What is expected:
Where the material below has a line containing "Nah ane cuma", start repeating exactly, and keep going through the line containing "Die Kinder haben", with no other lines.

*** Opening of Task input ***

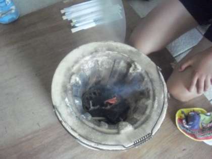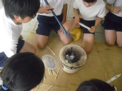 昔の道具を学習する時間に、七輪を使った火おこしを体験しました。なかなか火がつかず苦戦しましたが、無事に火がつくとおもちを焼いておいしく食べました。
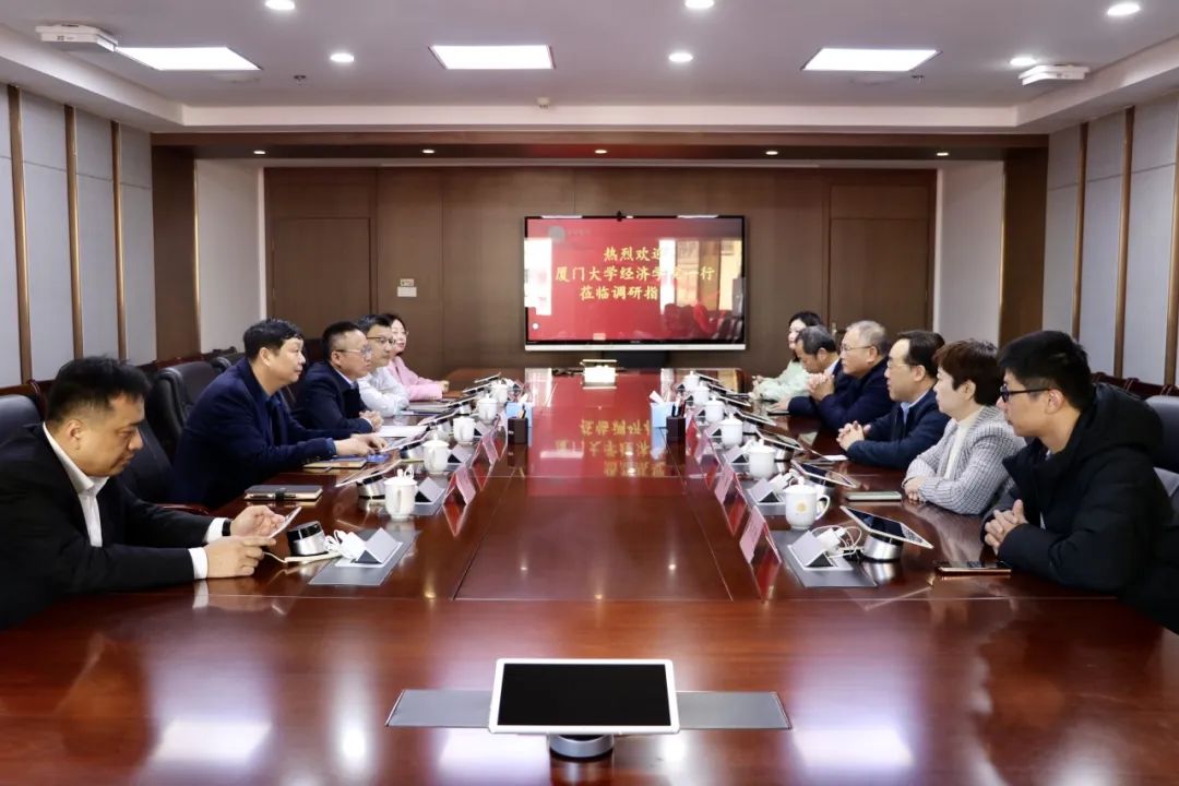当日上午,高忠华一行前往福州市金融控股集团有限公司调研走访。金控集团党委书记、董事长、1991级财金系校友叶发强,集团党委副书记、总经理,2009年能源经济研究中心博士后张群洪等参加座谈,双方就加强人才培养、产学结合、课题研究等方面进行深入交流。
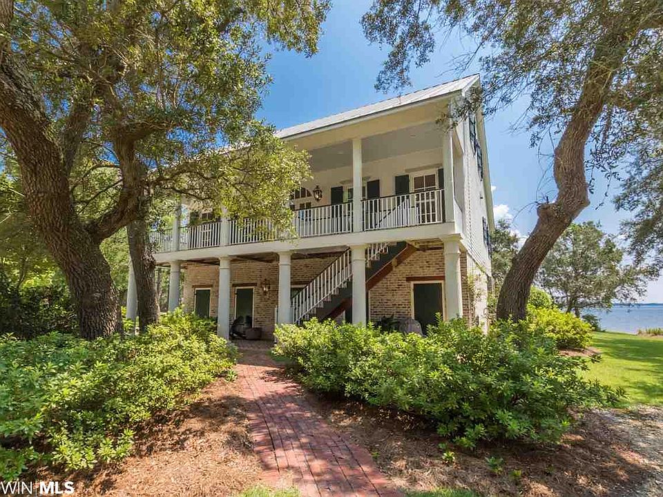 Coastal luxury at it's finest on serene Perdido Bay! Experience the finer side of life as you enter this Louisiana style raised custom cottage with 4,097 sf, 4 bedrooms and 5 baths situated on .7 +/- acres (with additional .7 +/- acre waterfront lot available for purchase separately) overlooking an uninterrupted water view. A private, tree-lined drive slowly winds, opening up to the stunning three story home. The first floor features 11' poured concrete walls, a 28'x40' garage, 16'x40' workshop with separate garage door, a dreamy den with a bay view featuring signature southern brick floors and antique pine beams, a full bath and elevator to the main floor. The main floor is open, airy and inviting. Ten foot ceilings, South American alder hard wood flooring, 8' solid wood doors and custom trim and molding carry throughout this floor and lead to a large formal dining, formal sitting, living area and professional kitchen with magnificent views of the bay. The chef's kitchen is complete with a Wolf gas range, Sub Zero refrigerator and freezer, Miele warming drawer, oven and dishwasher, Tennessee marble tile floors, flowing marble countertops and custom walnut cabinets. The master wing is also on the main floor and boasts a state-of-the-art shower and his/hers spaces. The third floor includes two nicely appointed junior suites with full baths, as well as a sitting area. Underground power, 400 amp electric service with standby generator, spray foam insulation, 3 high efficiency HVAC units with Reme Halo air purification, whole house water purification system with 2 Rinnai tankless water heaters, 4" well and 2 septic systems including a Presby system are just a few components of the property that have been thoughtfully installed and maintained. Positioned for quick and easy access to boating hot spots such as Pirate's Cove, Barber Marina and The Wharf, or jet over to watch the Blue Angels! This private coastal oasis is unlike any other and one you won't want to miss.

*** Close of Task input ***
*** Opening of Task input ***

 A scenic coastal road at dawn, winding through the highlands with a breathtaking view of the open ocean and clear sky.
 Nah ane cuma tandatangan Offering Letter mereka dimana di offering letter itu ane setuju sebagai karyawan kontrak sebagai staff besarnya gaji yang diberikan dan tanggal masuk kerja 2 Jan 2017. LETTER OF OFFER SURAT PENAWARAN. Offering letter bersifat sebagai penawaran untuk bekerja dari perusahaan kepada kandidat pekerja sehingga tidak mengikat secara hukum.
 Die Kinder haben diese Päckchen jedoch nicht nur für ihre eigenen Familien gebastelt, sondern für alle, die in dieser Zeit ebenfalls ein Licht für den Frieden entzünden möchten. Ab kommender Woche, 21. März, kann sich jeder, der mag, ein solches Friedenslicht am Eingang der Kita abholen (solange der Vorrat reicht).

*** Close of Task input ***

Solution to this problem:
 Nah ane cuma tandatangan Offering Letter mereka dimana di offering letter itu ane setuju sebagai karyawan kontrak sebagai staff besarnya gaji yang diberikan dan tanggal masuk kerja 2 Jan 2017. LETTER OF OFFER SURAT PENAWARAN. Offering letter bersifat sebagai penawaran untuk bekerja dari perusahaan kepada kandidat pekerja sehingga tidak mengikat secara hukum.
 Die Kinder haben diese Päckchen jedoch nicht nur für ihre eigenen Familien gebastelt, sondern für alle, die in dieser Zeit ebenfalls ein Licht für den Frieden entzünden möchten. Ab kommender Woche, 21. März, kann sich jeder, der mag, ein solches Friedenslicht am Eingang der Kita abholen (solange der Vorrat reicht).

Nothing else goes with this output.